■ Problem details: The answer should match the entries that follow exactly, except that no image appears in it.

■ Records for this task:
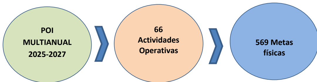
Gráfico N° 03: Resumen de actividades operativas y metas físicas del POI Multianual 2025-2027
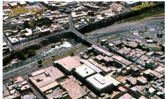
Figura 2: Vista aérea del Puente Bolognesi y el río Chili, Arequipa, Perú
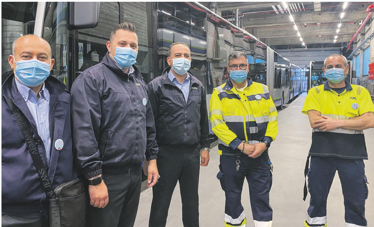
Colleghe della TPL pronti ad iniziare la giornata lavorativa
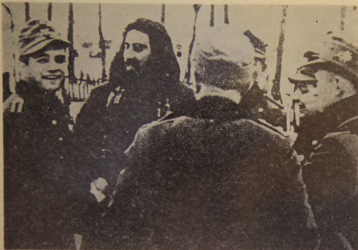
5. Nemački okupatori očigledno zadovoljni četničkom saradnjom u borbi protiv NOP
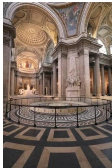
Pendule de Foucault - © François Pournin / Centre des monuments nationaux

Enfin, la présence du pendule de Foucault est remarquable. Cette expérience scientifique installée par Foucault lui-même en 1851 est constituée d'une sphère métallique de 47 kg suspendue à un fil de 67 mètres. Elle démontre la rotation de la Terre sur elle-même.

■ Response:
Gráfico N° 03: Resumen de actividades operativas y metas físicas del POI Multianual 2025-2027
Figura 2: Vista aérea del Puente Bolognesi y el río Chili, Arequipa, Perú
Colleghe della TPL pronti ad iniziare la giornata lavorativa
5. Nemački okupatori očigledno zadovoljni četničkom saradnjom u borbi protiv NOP
Pendule de Foucault - © François Pournin / Centre des monuments nationaux

Enfin, la présence du pendule de Foucault est remarquable. Cette expérience scientifique installée par Foucault lui-même en 1851 est constituée d'une sphère métallique de 47 kg suspendue à un fil de 67 mètres. Elle démontre la rotation de la Terre sur elle-même.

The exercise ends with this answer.